Instructions to follow: Leave every image behind and restate the data word for word.

Segment Start: Input data

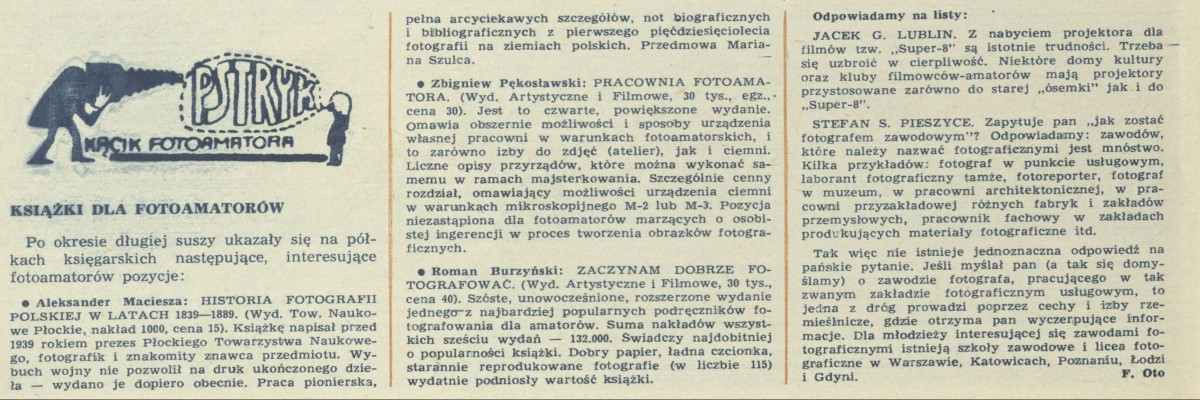 Archiwum / Fotografia nr 1457 (10/1973) 79/83 Podziel się Tytuł Pstryk - kącik fotoamatora Autor F.OTO Kategoria Fotografia Artykuł z numeru 1457 (10/1973) Data wydania 11 marca 1973
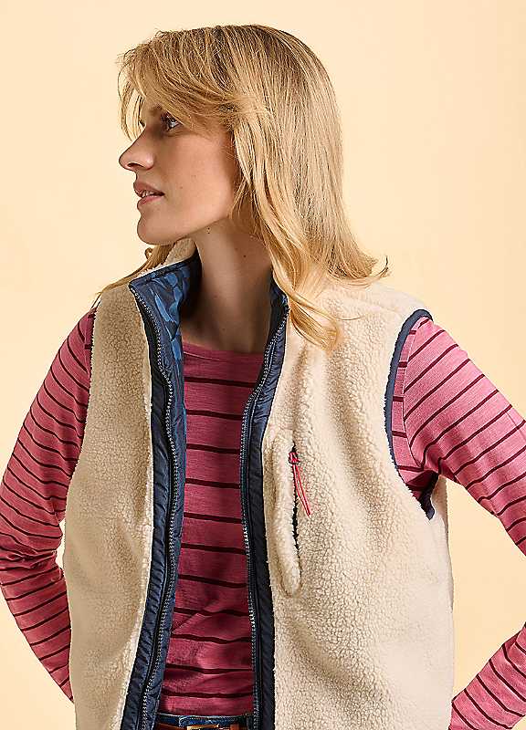 Meet your new wardrobe hero: the reversible Frosty Gilet. One side features cosy faux sheepskin, while the other shows off a padded blue brushstroke print with bright coral accents. With zip pockets on both sides and a curved hem, this versatile jacket will see you through countless outfit changes.Cold delicate washWash inside outDo not ironDo not tumble dryHang dryOuter, Lining & Padding: 100% Polyester | sheepskin jacket womens, lightweight fall jacket, lightweight winter jacket, polyester jacket women, cream sweater vest, cream shearling jacket, warm fall jacket, thin fleece jacket, polyester winter jacket, casual winter jacket, business casual winter jacket, womens casual fall jacket, cream fleece jacket, winter thin jacket, faux sheepskin jacket, fall winter jackets, winter vest jacket, fleece vest jacket, reversible fleece jacket, casual fall jacket
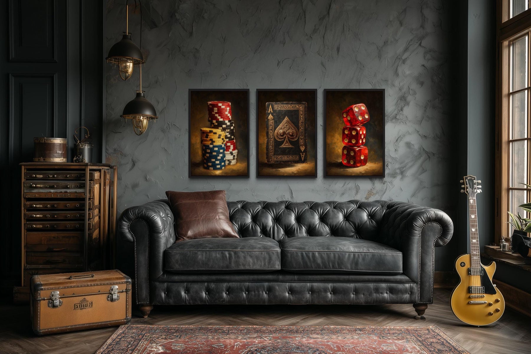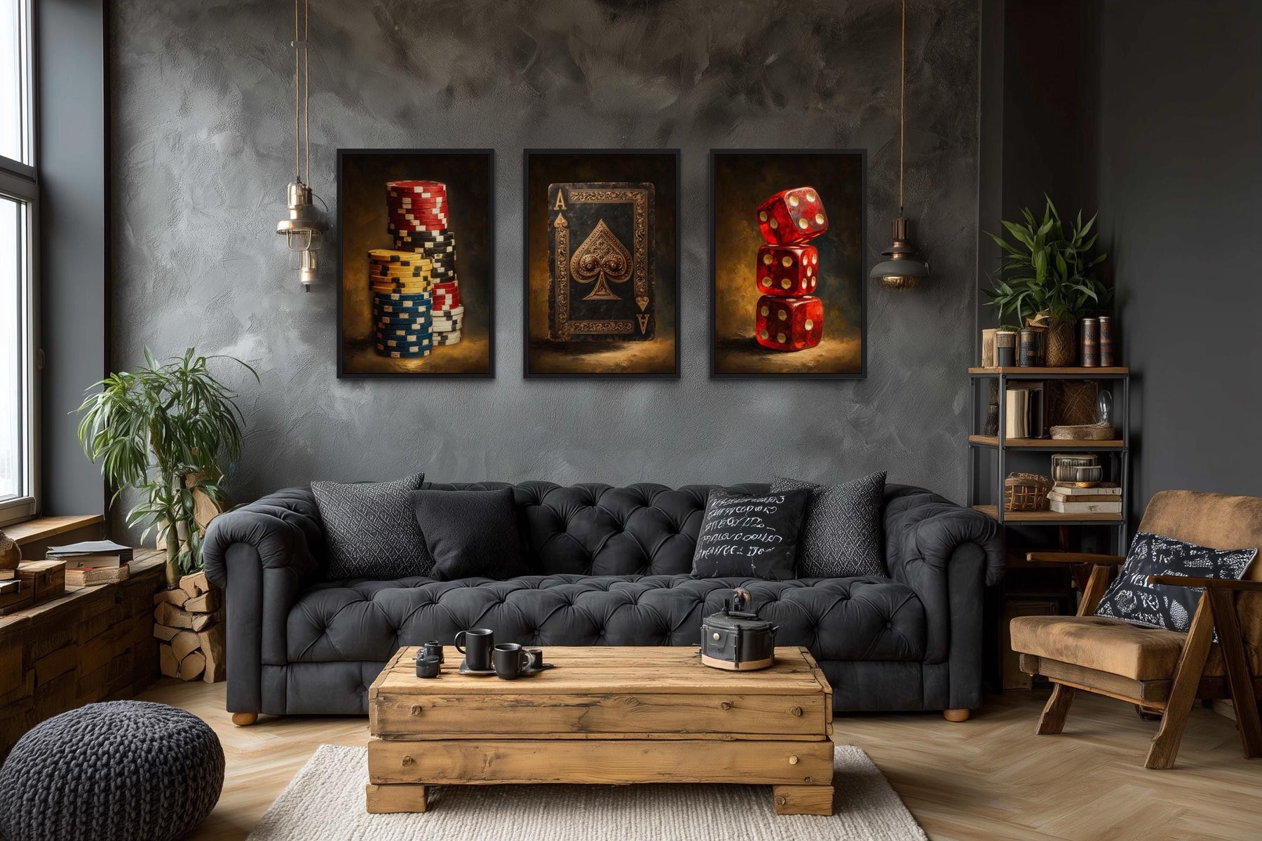 Our set of 3 game room wall decor depicting casino poker chips, ace of spades playing card, and red dice canvas wall art delivers high-stakes excitement and bold modern style in a single striking trio. This game room wall art set includes three dramatic panels: one focused on a glowing tower of poker chips, one showcasing a legendary ace of spades playing card, and one highlighting bright red dice mid-roll. Each piece is meticulously designed with rich detail and dynamic lighting, creating the feel of a luxury casino right in your own space. The vivid imagery captures the anticipation of a big win, from the shine of polished chips to the intricate patterns of the classic card. Subtle textures and layered shading add depth, giving every element a lifelike presence that stands out from any angle. Printed on premium canvas, this set blends contemporary digital artistry with the tactile charm of a fine painting, ensuring long-lasting clarity and vibrancy. The dramatic composition and bold colors bring energy and motion, ideal for creating a lively focal point in your entertainment area. Whether you are a poker enthusiast, a lover of Las Vegas glamour, or simply want to bring a playful edge to your décor, this game room wall decor set offers excitement and sophistication. The game room wall decor set of 3 poker chips, ace of spades, and red dice canvas print transforms ordinary walls into an immersive casino-inspired gallery.

Segment End: Input data

Your solution:
 Archiwum / Fotografia nr 1457 (10/1973) 79/83 Podziel się Tytuł Pstryk - kącik fotoamatora Autor F.OTO Kategoria Fotografia Artykuł z numeru 1457 (10/1973) Data wydania 11 marca 1973
 Meet your new wardrobe hero: the reversible Frosty Gilet. One side features cosy faux sheepskin, while the other shows off a padded blue brushstroke print with bright coral accents. With zip pockets on both sides and a curved hem, this versatile jacket will see you through countless outfit changes.Cold delicate washWash inside outDo not ironDo not tumble dryHang dryOuter, Lining & Padding: 100% Polyester | sheepskin jacket womens, lightweight fall jacket, lightweight winter jacket, polyester jacket women, cream sweater vest, cream shearling jacket, warm fall jacket, thin fleece jacket, polyester winter jacket, casual winter jacket, business casual winter jacket, womens casual fall jacket, cream fleece jacket, winter thin jacket, faux sheepskin jacket, fall winter jackets, winter vest jacket, fleece vest jacket, reversible fleece jacket, casual fall jacket
 Our set of 3 game room wall decor depicting casino poker chips, ace of spades playing card, and red dice canvas wall art delivers high-stakes excitement and bold modern style in a single striking trio. This game room wall art set includes three dramatic panels: one focused on a glowing tower of poker chips, one showcasing a legendary ace of spades playing card, and one highlighting bright red dice mid-roll. Each piece is meticulously designed with rich detail and dynamic lighting, creating the feel of a luxury casino right in your own space. The vivid imagery captures the anticipation of a big win, from the shine of polished chips to the intricate patterns of the classic card. Subtle textures and layered shading add depth, giving every element a lifelike presence that stands out from any angle. Printed on premium canvas, this set blends contemporary digital artistry with the tactile charm of a fine painting, ensuring long-lasting clarity and vibrancy. The dramatic composition and bold colors bring energy and motion, ideal for creating a lively focal point in your entertainment area. Whether you are a poker enthusiast, a lover of Las Vegas glamour, or simply want to bring a playful edge to your décor, this game room wall decor set offers excitement and sophistication. The game room wall decor set of 3 poker chips, ace of spades, and red dice canvas print transforms ordinary walls into an immersive casino-inspired gallery.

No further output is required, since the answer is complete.